DATA BELOW below:

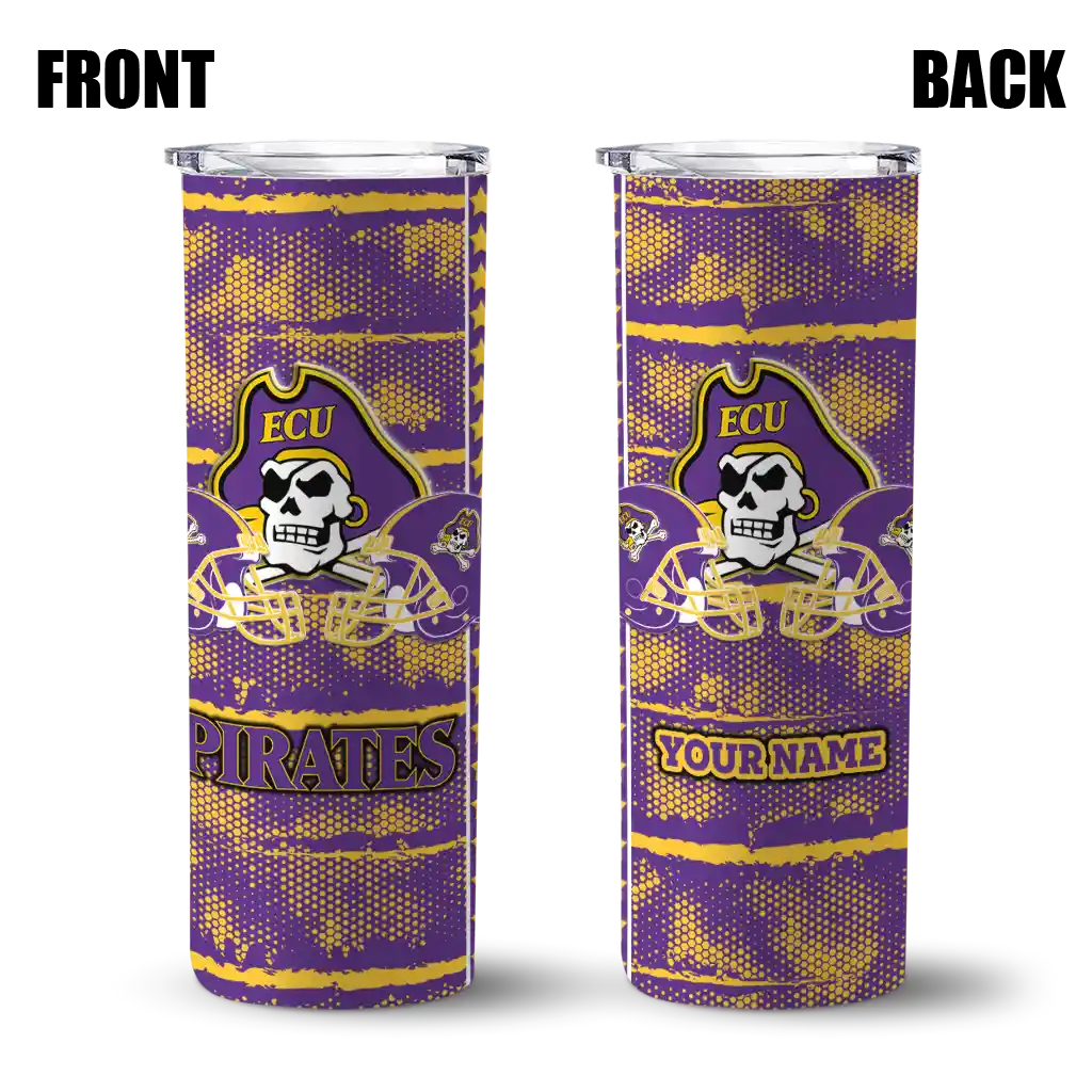 Introducing the East Carolina Pirates Tumblers  from NCAA Fan Pro —where fan pride meets practical design. This slim tumbler is created for NCAA fans who want their drinks at the perfect temperature while displaying their school pride. The double-wall insulation ensures your hot beverages stay warm and your cold drinks stay chilled for hours, so you can enjoy your drinks at their best, whether you're at a game, tailgate, or on the go.
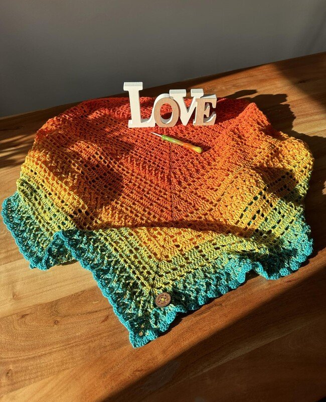 Das Tuch am Hauptfoto hat folgende Abmessungen: 190 x 90 cm. Das Tuch kann in jeder beliebigen Größe gehäkelt werden, da sich die Reihen wiederholen. Bitte beachte, dass die Größe abweichen kann, wenn du andere Wolle und eine andere Häkelnadelstärke verwendest, und wenn du lockerer/fester häkelst.
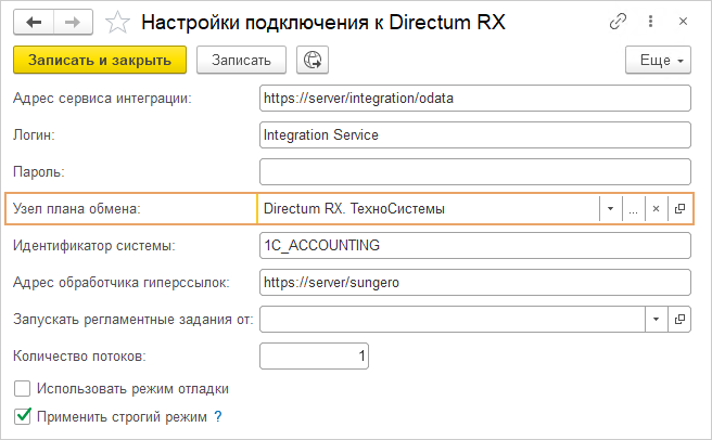 11.В программе «1С: Бухгалтерия Предприятия 3.0» откройте настройки подключения к сервису интеграции. В поле Узел плана обмена выберите созданный план обмена из выпадающего списка, создайте в нем новый узел, затем выберите его:
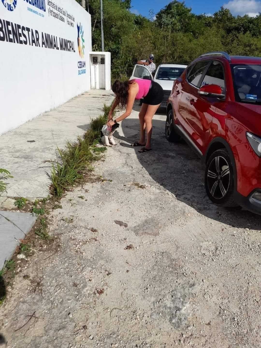 En las fotografías se aprecia el momento cuando la mujer desciende de su vehículo y deja a su mascota a un costado de un albergue de animalitos en #playadelcarmen

End of DATA BELOW.

* REQUIRED ACTION
Only the pictures stay behind; everything else in the data above is to be retyped exactly.

* FINISHED TASK
 Introducing the East Carolina Pirates Tumblers  from NCAA Fan Pro —where fan pride meets practical design. This slim tumbler is created for NCAA fans who want their drinks at the perfect temperature while displaying their school pride. The double-wall insulation ensures your hot beverages stay warm and your cold drinks stay chilled for hours, so you can enjoy your drinks at their best, whether you're at a game, tailgate, or on the go.
 Das Tuch am Hauptfoto hat folgende Abmessungen: 190 x 90 cm. Das Tuch kann in jeder beliebigen Größe gehäkelt werden, da sich die Reihen wiederholen. Bitte beachte, dass die Größe abweichen kann, wenn du andere Wolle und eine andere Häkelnadelstärke verwendest, und wenn du lockerer/fester häkelst.
 11.В программе «1С: Бухгалтерия Предприятия 3.0» откройте настройки подключения к сервису интеграции. В поле Узел плана обмена выберите созданный план обмена из выпадающего списка, создайте в нем новый узел, затем выберите его:
 En las fotografías se aprecia el momento cuando la mujer desciende de su vehículo y deja a su mascota a un costado de un albergue de animalitos en #playadelcarmen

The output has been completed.